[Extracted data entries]
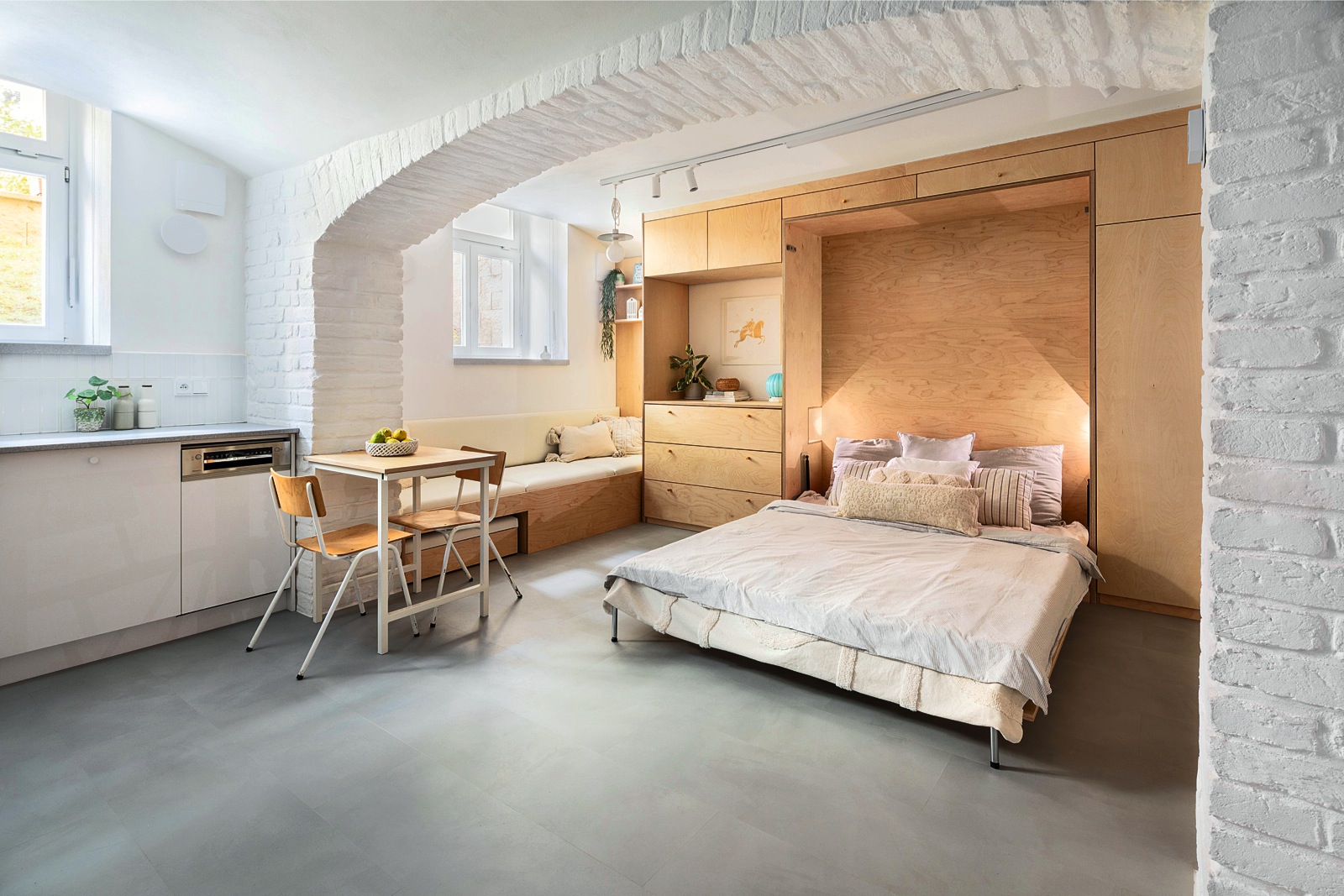 „Bylo to nákladné, ale nutné. Dosáhly jsme tak potřebné světlé výšky, která umožňuje pohodlný pohyb, odpočinek i práci, a zároveň jsme nechaly instalovat podlahové vytápění. To může temperovat prostor klidně i v teplejších měsících, což je skvělá prevence proti vlhkosti, stejně jako nepřetržitě fungující rekuperace,“ říká architektka. Do studia byly přivedené všechny technické sítě i voda, ale samozřejmě došlo na drobné úpravy. Elektroinstalaci nechaly Anny obnovit kompletně, aby odpovídala novému návrhu na rozmístění vypínačů, světel i zásuvek. „U prostorů tohoto typu jde skutečně mnohem víc o promyšlené projektování a stavbu než o barvy, nábytek… Designová část tak pro nás byla spíše příjemným uvolněním, časem, kdy jsme se už těšily na výsledek,“ říká Anna Nižňanská. Sama se nejspíš těšila na finále o něco víc – v průběhu realizace na ni spadla většina práce, protože její kolegyně se stala podruhé maminkou. „I když jsem se do projektu nemohla tolik položit, nakonec nás to velmi bavilo,“ uzavírá Anna Podroužková. Trend small living je podle architektek i ve světě na vzestupu. Dobrou zprávou je, že i prostory v prvním podzemním podlaží (1. PP) nemusí být jen studia či kadeřnictví, ale dají se rekolaudovat i na byty. Hlavním zadáním investora bylo v relativně malém prostoru navrhnout plnohodnotnou kuchyň, pracovní kout, koupelnu a příležitostné místo na přespání. Architektky si musely poradit s enormní vlhkostí a hlavně plísní, kterou způsobila dlouhodobě zanedbaná péče předchozího majitele. „Musely jsme řešit velmi pečlivě nejen podlahovou, ale také stěnovou hydroizolaci, což poměrně zvýšilo náklady, ale v tomto případě je lepší vše opravdu dobře podchytit hned v počátku,“ říká architektka Anna Nižňanská.
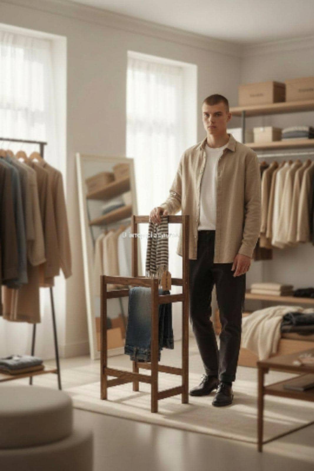 Wooden valet rack, Standing coat rack, Wardrobe stand, Wooden Floor...
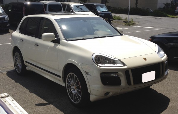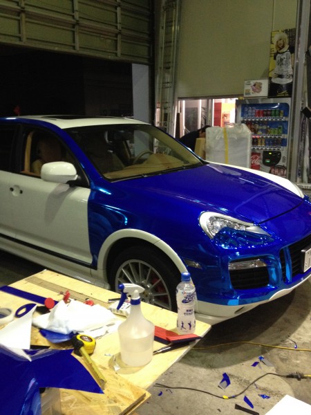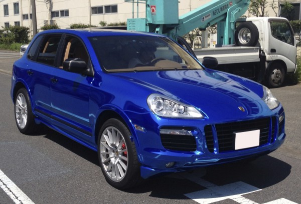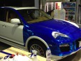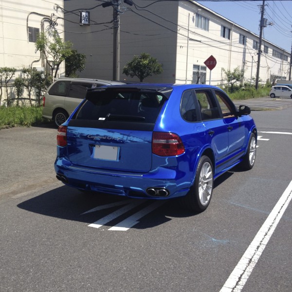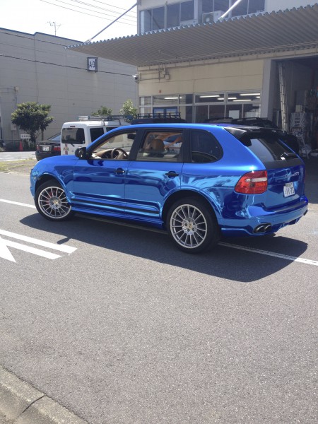 白いカイエンをビカビカのクロームブルーにカラーチェンジしました。
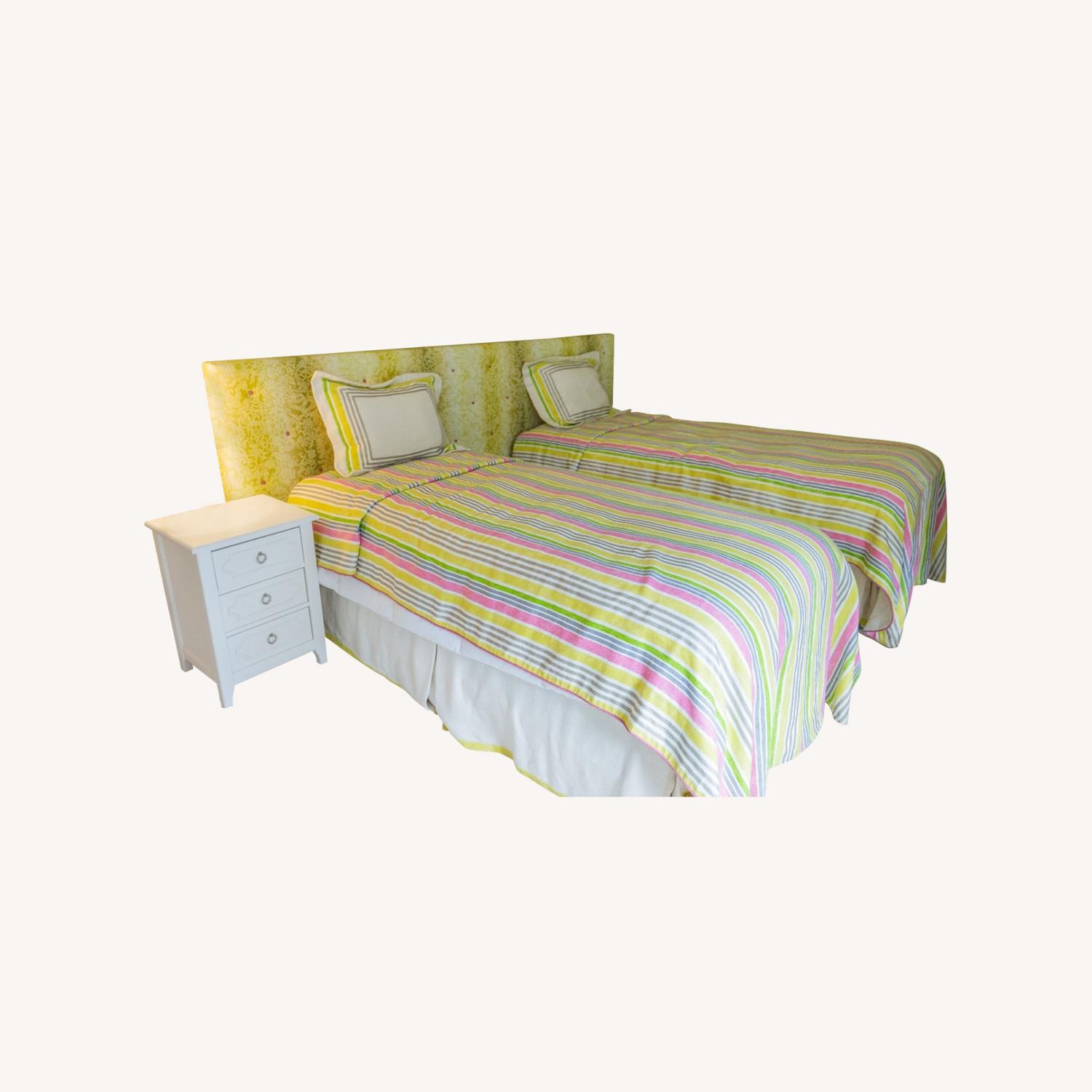 Seller's Notes:Twin box bed with skirt Green bed rest
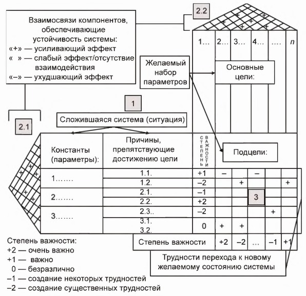 Этап 3 — Определение переходных взаимодействий. На третьем этапе строится базовая матрица переходного состояния (3), объединяющая горизонтальную и вертикальную матрицы. Базовая матрица переходного состояния помогает определить степень трудности перехода от существующего состояния системы к желаемому (требуемому) состоянию. Практическое значение третьей матрицы состоит в том, что она показывает характер взаимодействия существующих и перспективных констант в процессе перехода от существующих параметров системы — к новым. Как видно на рис. 11.9, большинство гипотетически предполагаемых переходов от существующих констант к желаемым характеристикам противоречат друг другу.
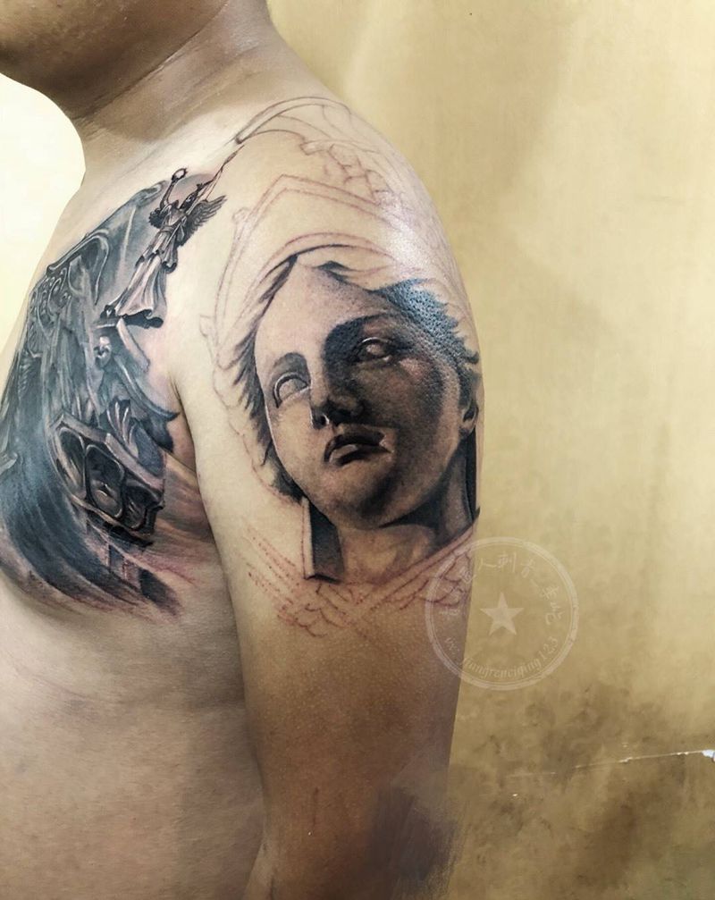 当前位置: 首页 >山东省青岛市纹身店-匠人刺青纹身图案>暴力遮盖纹身图片_胸部手臂欧美写实雅典娜 希腊神话纹身图案
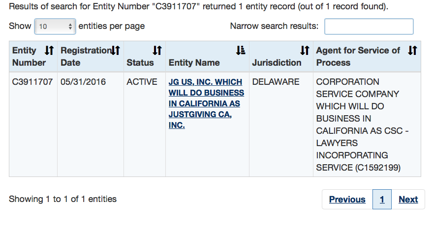 JG US Inc (Cal Entity C3911707) dba JustGivingCA Inc (SOState info as of Nov 2017 (cf to as of my July 26 2016 post) | Search Results (1st page)
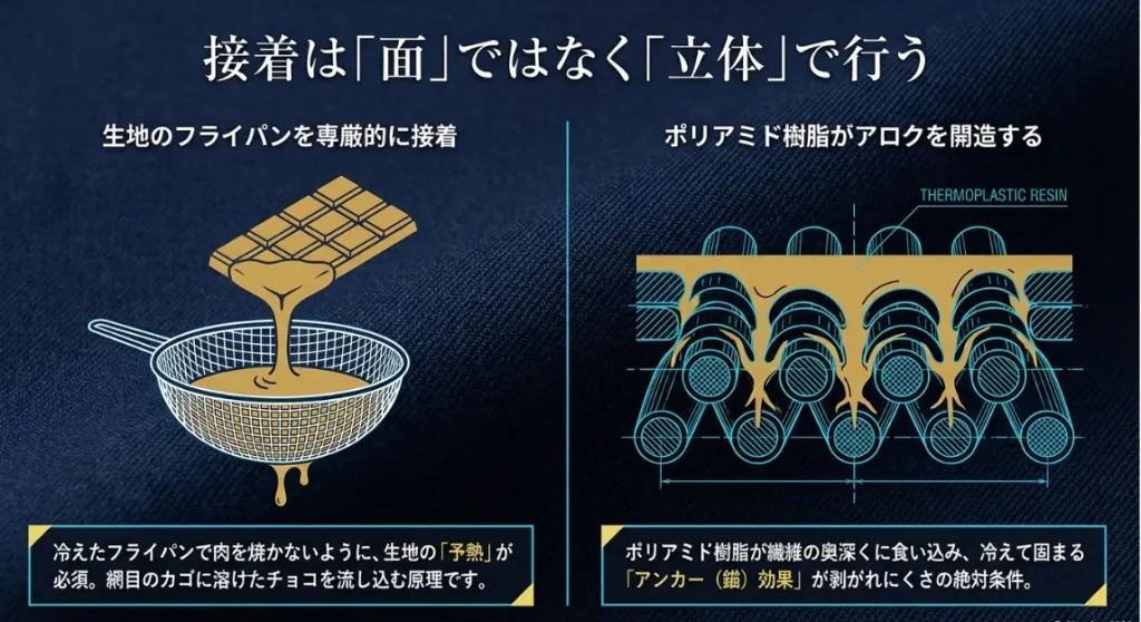 圧力をかけながら一気に冷やすことで、糊が繊維を掴んだまま「結晶化」し、洗濯機の激しい揺れにも耐えうる強固な結合が生まれます。

Work item:
All lines between the one that contains "JG US Inc (Cal" and the end of the records above, both included, are to be returned exactly as they stand, except for pictures, which are omitted.

Task result:
 JG US Inc (Cal Entity C3911707) dba JustGivingCA Inc (SOState info as of Nov 2017 (cf to as of my July 26 2016 post) | Search Results (1st page)
 圧力をかけながら一気に冷やすことで、糊が繊維を掴んだまま「結晶化」し、洗濯機の激しい揺れにも耐えうる強固な結合が生まれます。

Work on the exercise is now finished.